Isn’t the history of U.S. involvement in Central America long and controversial? Does the U.S. bear responsibility for the troubles besetting the Northern Triangle?
Yes, and yes.
For much of the last two centuries, the United States regarded parts of Central America as its private plantation for the growing of bananas and other fruit, or a landscape for wild adventures and colonization, or a proxy battleground in fights against communism.

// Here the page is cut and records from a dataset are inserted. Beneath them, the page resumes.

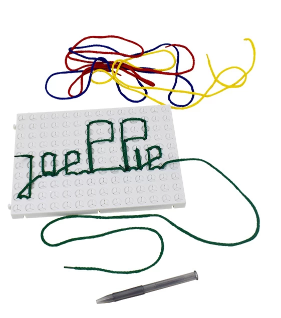 Uniek concept waarbij kinderen een creatie maken met rijgveters zonder dat je de naald er doorheen steekt… want dan zit ie ineens aan de achterkant en ben je het overzicht kwijt; dat is lastig als je klein bent.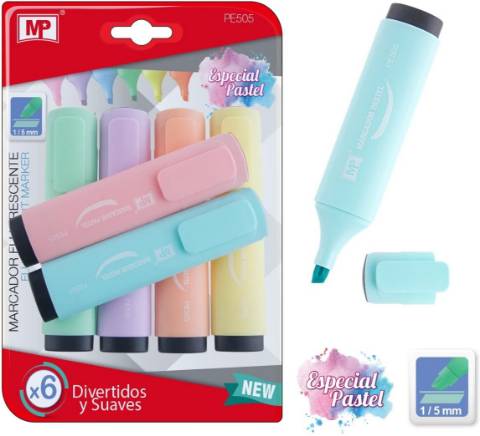 Rotulador Marcadores Fluorescentes MP Import. Blíster 6 colores pastel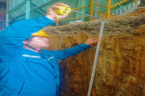 在水泥廠自動(dòng)裝車車道地基破除的周邊,“TA”用心測量著每個(gè)基礎(chǔ)鋼筋的距離,這處地基挖的孔洞明顯向南偏了20公分,那里的預(yù)埋件明顯傾斜不在水平面,“TA”指著孔洞以及前面水平儀上的刻度說,“現(xiàn)在不調(diào)整,等混凝土澆筑后地基不牢固或者偏移過大就是大問題”。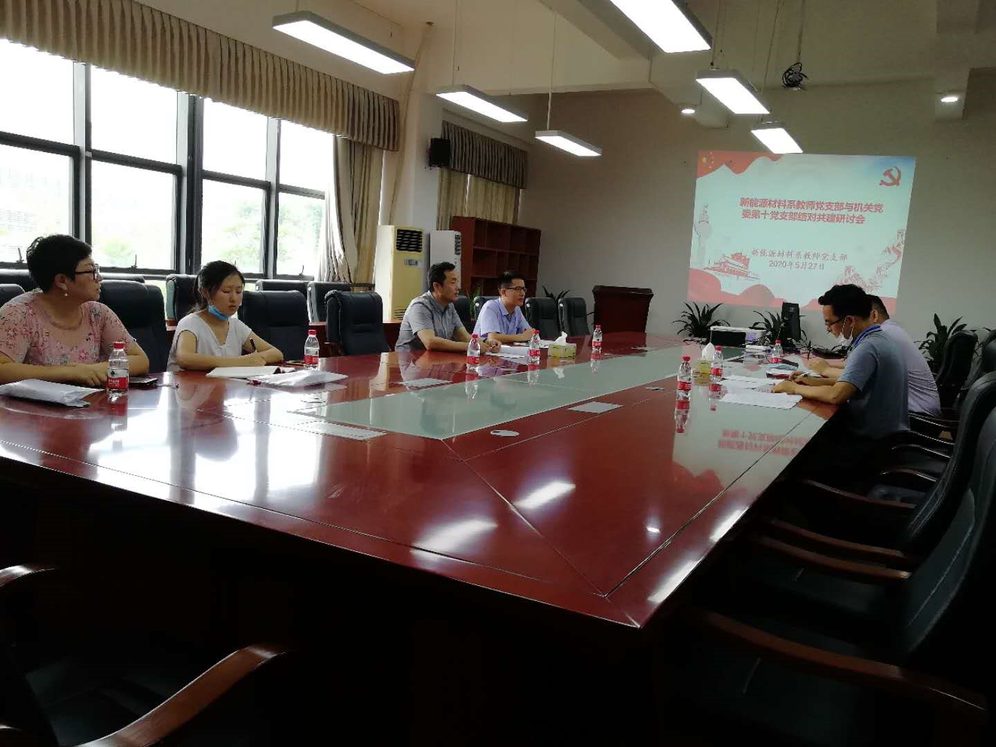 2020527日,新能源材料系教师党支部支委会和机关党委第十党支部支委会在材料学院会议室召开了结对共建座谈会,新能源系党支部书记党海峰、组织委员刘丹、宣传委员乔校畅,机关十支部组织委员江志东、宣传委员张兆军参加会议。

U.S. officials considered it to be in their own interest to further the subjugation of Central Americans, often by overthrowing leftist leaders like Jacobo Árbenz Guzmán in Guatemala in the 1950s or
by lending support to dictators like Nicaragua’s Anastasio Somoza in the 1960s and ‘70s.
Nicaragua remains a deeply divided, repressive, impoverished country after wars and misrule. But the Biden administration did not include it in the Northern Triangle because most Nicaraguans who flee their country head south, to Costa Rica or Panama. (Nicaraguans who sought refuge in the U.S. in the ‘80s found an easier path to legal status because then-President Reagan judged they had fled communism.)
In the Northern Triangle, U.S. interventionism stifled democratic political development that troubles these countries to this day.
Toward the end of the 20th century, the U.S. backed a hardline military government in El Salvador in its civil war against leftist guerrillas fighting for peasants and workers with backing from Cuba and the Soviet Union. The war claimed more than 75,000 lives and sent hundreds of thousands fleeing mostly into California and the Washington, D.C., area.
The United States also interfered in Guatemala’s 35-year civil war, which ended in 1996 and killed hundreds of thousands, mostly Indigenous peasants. And the U.S. used Honduras as a staging ground for a separate war around the same time aimed at toppling leftists in Nicaragua, doing lasting damage to both countries.
Who is coming from the three countries?
The migrants arriving from these countries run the gamut, but many are farmers, eager to pick crops where labor is often in short supply, and many work construction, domestic or service-industry jobs. The better-educated or -connected often find schooling and professional positions, though their legal status tends to hold them back. Many pay taxes and support local economies.
Many were children brought to the U.S. illegally by their parents and now constitute the so-called Dreamers, a group estimated to number up to 800,000 for whom Obama deferred deportation to allow them time to gain full legal status.
In the early 1990s, the U.S. for the first time deported members of an L.A.-born gang known as Mara Salvatrucha, also known as MS-13, back to their birthplace of El Salvador. The gang grew exponentially in numbers and ferocity, eventually franchising throughout the region. Many recent asylum applicants say they are escaping MS-13 or other gangs who have taken over their neighborhoods to extort, rape and kill.